Von Mai bis Oktober wird im Wassertor-Museum jeden Samstag um 14 Uhr eine öffentliche Führung angeboten.
Hans Westhäuser, einer der „Museumsväter“, empfing die Besucher im Erdgeschoss, im „Gefängnis“ über dem Torbogen, und erklärte Malereien und Kritzeleien, die Gefangene seit dem Mittelalter hier hinterlassen haben. Etage zwei gehört nach wie vor der historischen Feuerwehr. Etage drei gibt nun Einblick in die Flachsbearbeitung mit damaligen Gerätschaften und anschaulichen Erklärungen. Der „vergessene“ Webstuhl aus dem Stadtmuseum wurde in Etage vier wieder funktionsfähig aufgebaut. Hier saß nun Weberin Jakobi aus dem Kreuzthal und wob aus Leinen und Baumwollfäden das Isnyer Geschirrhandtuch, das künftig für 25 Euro zu haben ist.

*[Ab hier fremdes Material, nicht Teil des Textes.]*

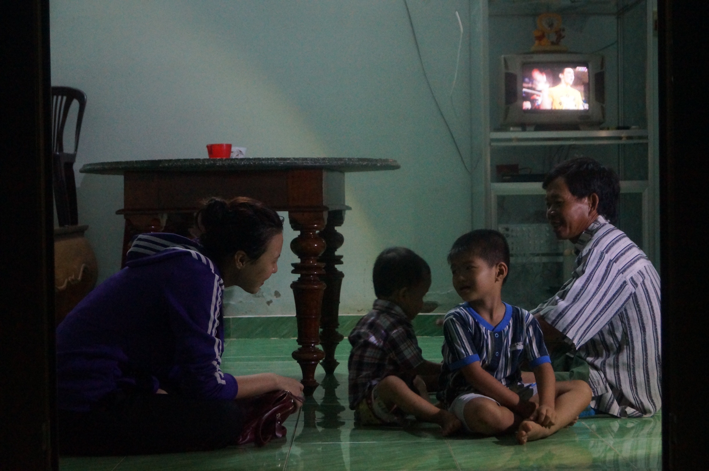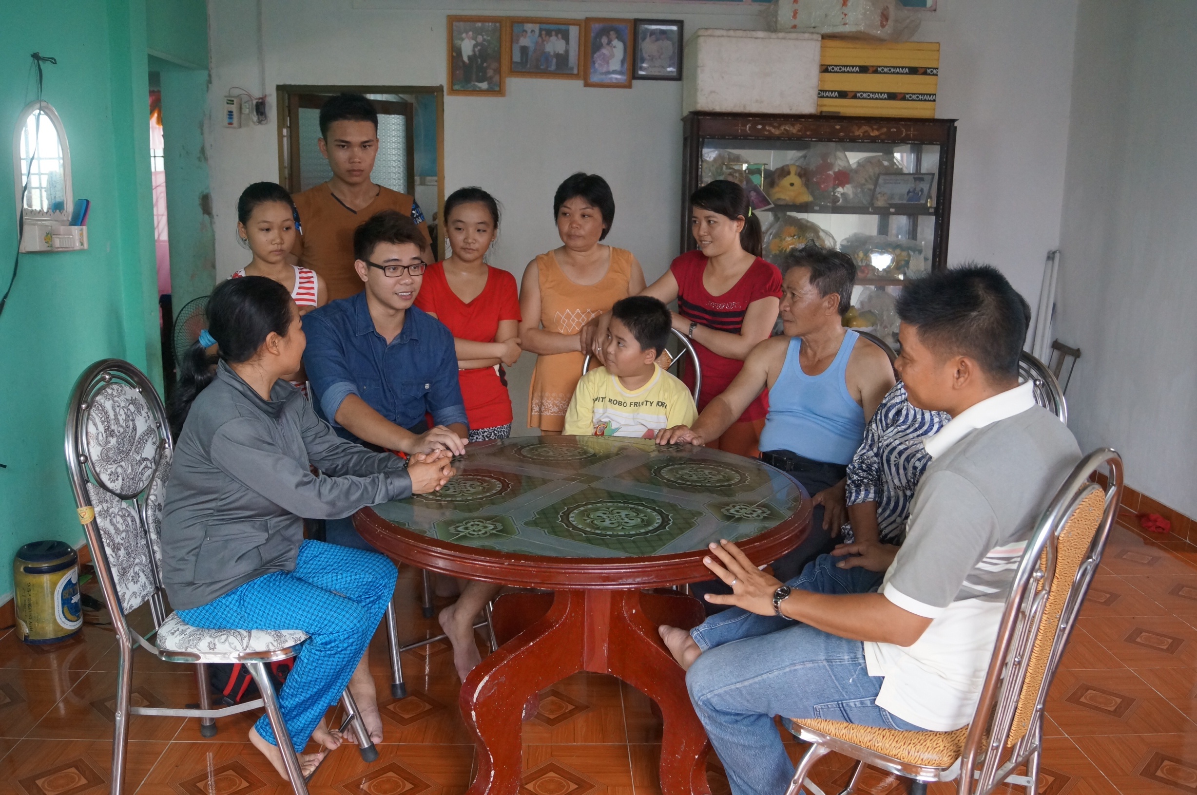 | Đông Hùng trò chuyện với gia đình mình ở nhờ. |

In der Appretur zog vor allem der Vortrag der Bauhistorikerin Karin Uetz viele Interessierte an.
Das ehemalige Industriegebäude macht genauso originäre Isnyer Geschichte sichtbar, gehört allerdings in eine Zeit, in der die Weberei am Webstuhl sich längst zur industriellen Fertigung weiterentwickelt hatte.

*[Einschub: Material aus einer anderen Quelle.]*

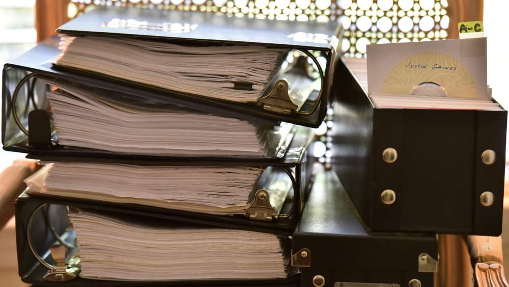Photo: Poulnot’s open case files on Justin Gaines fill binders and CD boxes.

Mit dem Bau der Appretur in den 1830er-Jahren durch den Fabrikanten Springer, in der „Verzahnung“ mit der 400 Jahre älteren Stadtmauer, sei sie ein Teil des „Isny Oval“ geworden, betont Uetz. „Mit Mauer und Diebsturm bildet die Appretur eine konstruktiv, räumlich und erschließungstechnisch verknüpfte Baugruppe.“ So sei der Diebsturm ursprünglich nur in dessen Obergeschoss von der Stadtmauer aus zugänglich gewesen und von der Appretur-Seite aus auf Erdgeschossebene erst im 19. Jahrhundert. Die beiden Treppenhäuser in der Appretur seien 1832 und 1885 eingebaut worden im Zuge des beginnenden Ausbaus mit einfachen Arbeiterzimmern und kleinen Wohnungen. Der Durchbruch der Stadtmauer in Richtung Altstadt sei im Jahr 1871 erfolgt.

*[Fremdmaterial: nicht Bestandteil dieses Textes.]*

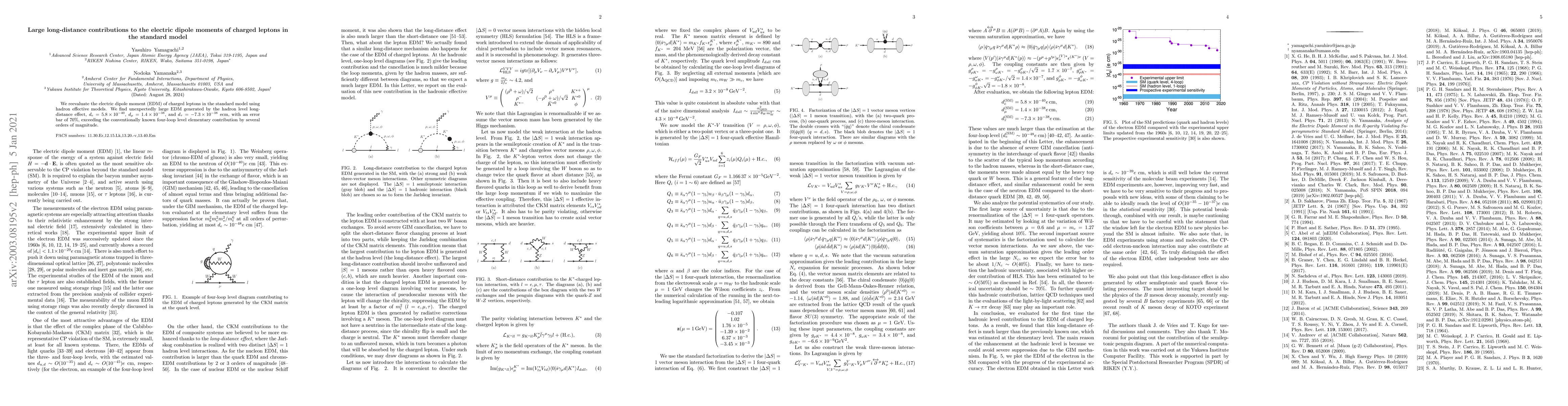 We reevaluate the electric dipole moment (EDM) of charged leptons in the standard model using hadron effective models. We find unexpectedly large EDM generated by the hadron level long-distance effect, $d_e = { 5.8 \times 10^{-40} }$, $d_\mu = { 1.4 \times 10^{-38}}$, and $d_\tau = { -7.3 \times 10^{-38} }$ ecm, with an error bar of 70\%, exceeding the conventionally known four-loop level elementary contribution by several orders of magnitude.

Die Besucher konnten mit der Bauhistorikerin durch das Treppenhaus am Diebsturm auf den Wehrgang der Stadtmauer und durch das mittlere Treppenhaus wieder hinuntergehen. Treppen, Treppengeländer, Türen und Türrahmen würden in ihrer Bauform weitgehend in die Mitte des 19. Jahrhunderts passen, erklärte Uetz. Ab dieser Zeit seien die ursprünglichen Produktionsräume zur Leinenveredelung sukzessive in Wohn- und Aufenthaltsräume umgebaut worden. Unklar sei allerdings, wie lange die oberste Etage unter dem Dach, die Altane, noch im Zusammenhang der Tuchproduktion benutzt wurde.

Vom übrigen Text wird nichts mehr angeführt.